Multi-Set Rewriting based syntax

We can model an agent by providing its transition rules between one state and another. This is how Tamarin models protocols, using so-called Multi-Set Rewriting (MSR) rules. If we denote by StateC(C,x_sk) the fact that a client C is in the intermediate state of the protocol, we need to define a rule which can consume some input, samples a fresh x_sk and send out the corresponding public key. Tamarin relies on a set of builtin facts to enable this, with :

With this in mind, the first rule to initialize a client is as follows.

(* Tamarin *)

rule Client_Init:
  let x_pk = 'g'^x_sk in
  [ Fr(~x_sk)]   (* if a fresh value x_sk is available *)
     -->
  [ Out(<x_pk>), StateC(C, x_sk) ]  
  (* we send the correspinding public key  out and create an intermediate client state. *)

To define the next and final client step, we also define an additional fact !Pk(S, s_pk) which can be read by a rule and models the fact that s_pk is the honestly produced public key of Server S (the ! prefix means that here we define a persistent fact, which can be used an input to transition rules but will not be consumed). In addition, we also need to be able to add the restriction that a transition can only be executed if some check succeeds. We add to this end an Eq(x,y) event, that we can use to lable transitions functions, and for which we define that such an event can only occur when x=y.

(* Tamarin *)

rule Client_Accepts:
  let
    m = <y_pk, serverSign>
    x_pk = 'g'^x_sk
    dh_output = y_pk^x_sk
    K_C = h(dh_output)
  in
  [ StateC(C, x_sk), 
  (* We consume the intermediate state produced by
    the previous rule *)
    !Pk(S, s_pk),
    (* We read the value of an available public key. *)
    In(m)
    (* we receive the actual message *)
    ]
  --[  Eq(verify(serverSign, <x_pk, y_pk>, s_pk), true)]->
  [ ]

restriction Eq:
(* We express the restriction in a first-order temporal logic. *)
  "All x y #i. 
         Eq(x, y) @ #i  
         (* Whenever at step i in some protocol
         execution a rule with the label Eq(x,y) is raised. *)
               ==> x = y" (* then we must have x=y *)

🗅 Note

In Tamarin, some variables can be prefixed with a special symbol to give some additional details to the tool about their possible values.
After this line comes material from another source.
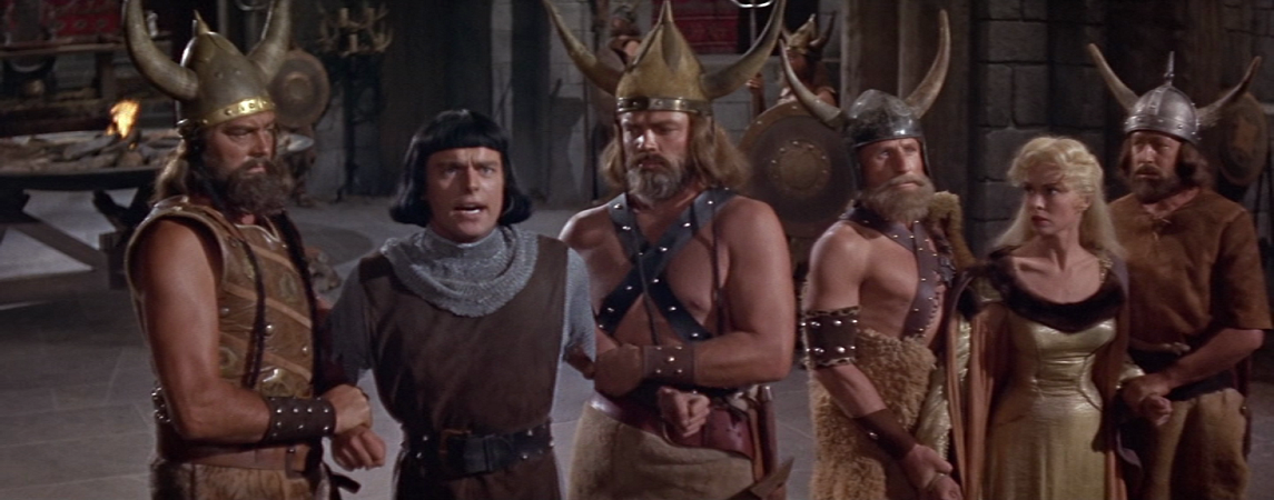 Aussi surprenant cela puisse-t-il paraître, le premier long-métrage explicitement viking produit aux États-Unis et faisant suite tardive au pionnier The Viking (Roy William Neill ; 1928) est une réalisation de Roger Corman ! Alors que l’homme est connu pour suivre les tendances et inonder le marché de séries B afin de profiter des modes, Corman se révèle ici clairvoyant et devance ses concurrents (même les Italiens, c’est dire) en sortant le film d’exploitation The Saga of the Viking Women and Their Voyage to the Waters of the Great Sea Serpent en 1957. Dans celui-ci, les femmes vikings ne voyant pas leurs hommes revenir de la chasse décident de partir à leur recherche. Leur bateau échoue sur les rives d’un royaume ennemi, dirigé par un roi mégalomaniaque qui retient les hommes vikings prisonniers. Une fois libérés, ces derniers rentrent au pays avec leurs femmes, non sans rencontrer le fameux serpent des mers sur leur passage. Outre la production value abyssale, les interprétations involontairement comiques et les plages californiennes utilisées comme de supposés fjords, le film de Corman a sans doute le mérite de réintroduire l’idée des Vikings dans la culture cinématographique après plusieurs décennies, bien qu’il ne s’intéresse pas vraiment au folklore scandinave. Le film constitue surtout une occasion de faire parader des femmes guerrières peu vêtues devant la caméra (parfois avec des lunettes de soleil, pourquoi pas) dans le style des « films d’Amazones » alors très répandus. Il s’agit aussi d’une des rares instances du corpus à faire des femmes les têtes d’affiche (ici en inversant le poncif de la demoiselle en détresse), ce qui peut participer à l’idée reçue selon laquelle les femmes profitaient de privilèges équivalents aux hommes en Scandinavie médiévale. Or, si cette société était effectivement plus progressiste que d’autres sur certains points (droit de divorce sous certaines conditions, droit de prendre part au combat), la société viking demeurait fondamentalement patriarcale. Cela étant, la mise en avant des femmes chez Corman ne représente qu’un écran de fumée, car aucun personnage du film n’envisage qu’une société matriarcale puisse subsister, ni même exister.

A $ prefix denotes a publicly known constant, will ~n denotes a fresh value obtained through a Fr(~n) fact. In the actual protocol modeling, the client and server identity C and S are in fact be $C and $S, and x_sk would be ~x_sk.

Modeling the protocol

To finalize the definition of the protocol, it remains to model the concrete scenario we are in:

In addition to the previous definitions for the Client we also defined similar things for Servers, we can in the pi-calculus based tools directly setup our scenarios by relying on a parallel composition operator | and a replication operator ! to spawn multiple sessions.

(* Squirrel *)
process protocol = (
   (!_i
     (* instantiate parallel replications indexed by i *)
      Client(i))
   | 
   (!_S !_k Server(S,k))
   )

(* Proverif *)
process
    !
    (
    (* Initiatialize a new server identity, under the ! replication *)
    new s_sk: skey;
    let s_pk = pk(s_sk) in
    out(c, s_pk);

    (* spawn for this identity an unbounded number of sessions *)
    ! Server(s_sk,s_pk) 
    (* spawn an unbounded number of clients, using keys received as inputs *)
    ( ! in(c,s_pk:pkey); Client(s_pk))   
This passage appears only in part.